Strangely low performance of SArray sum method

User 5016 | 4/18/2016, 4:21:53 PM

Hello!

I am having a strange low performance issue with the SArray sum method. Here's my case:

I have an ~183k-rows SFrame with, among other data, 11 columns containing integers. I want to sum each of them. If I just sum each one of them "manually", as in: mydata['awesome'].sum() then I get instant results. However, if I iterate over a list of column names, each sum takes almost one minute: words = ['awesome', 'great', 'fantastic', 'amazing', 'love', 'horrible', 'bad', 'terrible', 'awful', 'wow', 'hate'] for word in words: mydata[word].sum() I have tried using map() instead of a for loop, but the results were even worse.

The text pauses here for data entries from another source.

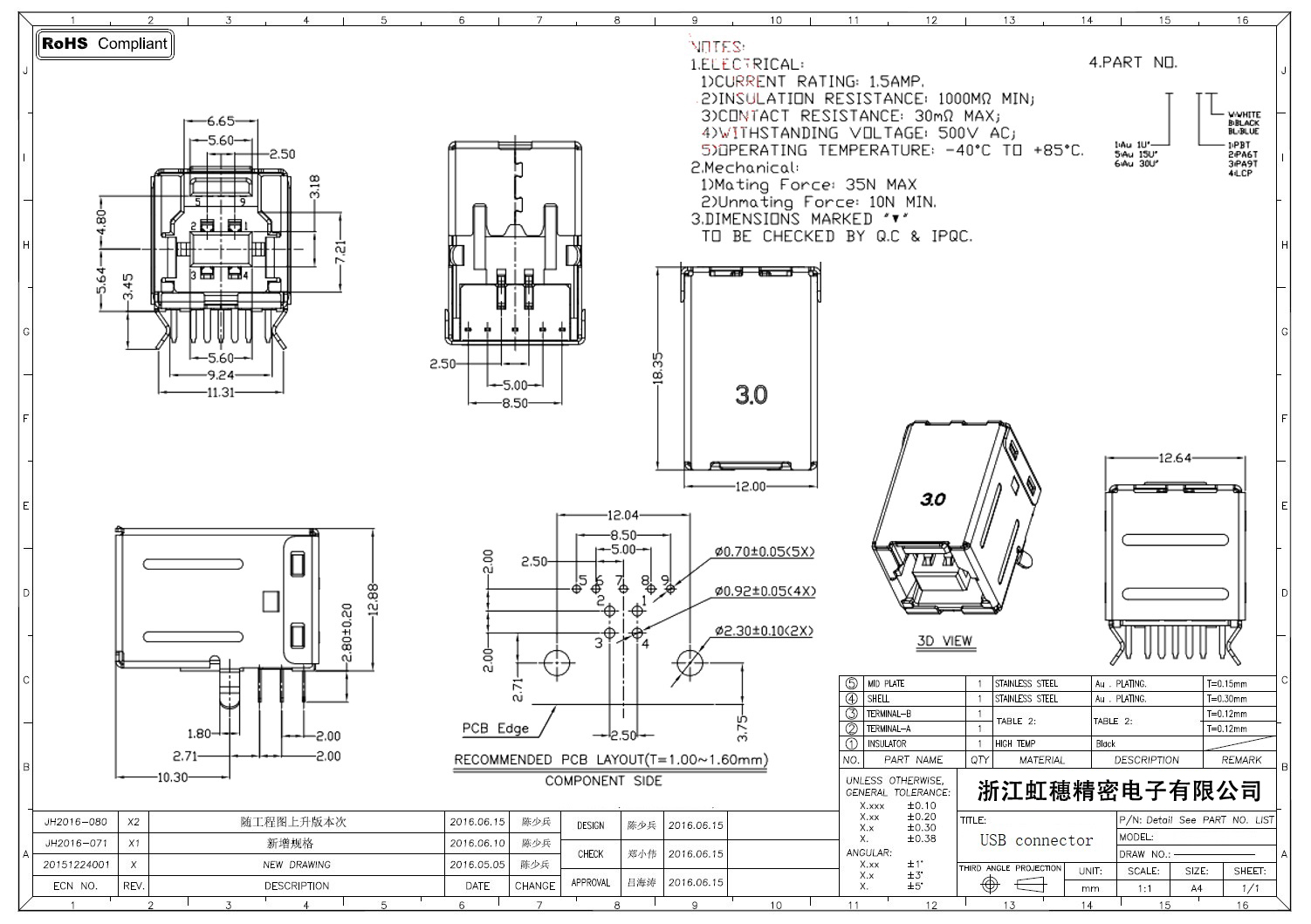 3.0USB插座技術參數:
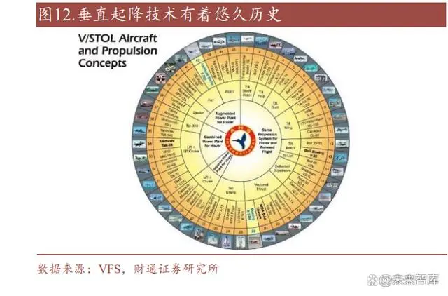 矢量推力型 eVTOL 技术难度较大,长期或将成为发展主流。垂直起降飞行器的 研发具备悠久历史,多旋翼型、升力+巡航型和矢量推力型 eVTOL 的技术均源自于相同气动布局的直升机或无人机。美国、俄罗斯(前苏联)等自 20 世纪 70 年 代起便开启推力矢量技术的理论研究和实践,但由于存在气动干扰、旋翼耦合对 机翼的影响以及飞行力学模型复杂,大部分机型目前运行情况未实现稳定。采用 倾转旋翼技术的军用飞机 V-22“鱼鹰”服役以来至少发生过 16 起事故,民用飞机 AW609 测试期间发生过多起事故。尽管技术难度较大,矢量推力构型的飞机速度 和续航具有一定优势,随着未来技术进一步成熟,或将成为发展主流。
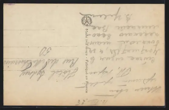 Personenbezogene Daten auf der Rückseite der Karte wurden durch blauen Textmarker unkenntlich gemacht. Die blauen Stellen sind auf die Vorderseite durchgeweicht und wirken sich negativ auf das Postkartenfoto aus
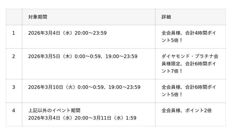 対象時間中にお買い物いただくだけで、エントリー不要・会員のお客様がポイントアップの対象に。

Has anyone experienced something like that?

Comments

User 4 | 4/18/2016, 5:54:54 PM

Hi @rafaelds, I'll be happy to investigate but we need some more information. Can you please provide code that will reproduce this issue (including creation of the SFrame itself)? As it is I am unable to reproduce the issue. Thanks!


User 5016 | 4/18/2016, 6:14:37 PM

Hi Zach! I've been doing some investigation myself, since I realized the issue is a little broader (other operations became slow too). After noticing that it started after I upgraded the conda packages, I tried uninstalling everything (Anaconda and Graphlab) and installing it all again using Dato Launcher. However, I'm led to believe the packages were cached somehow, because there wasn't much download activity (I'm new to Anaconda, previously I used other Python distros). Since I'm a currently taking Carlos's specialization in Coursera, I'm not sure if I can post code publicly, since other students may be able to access them. I'm not sure if personal messages are allowed in this forum, but I will provide you with some more detail as soon as possible. Thanks!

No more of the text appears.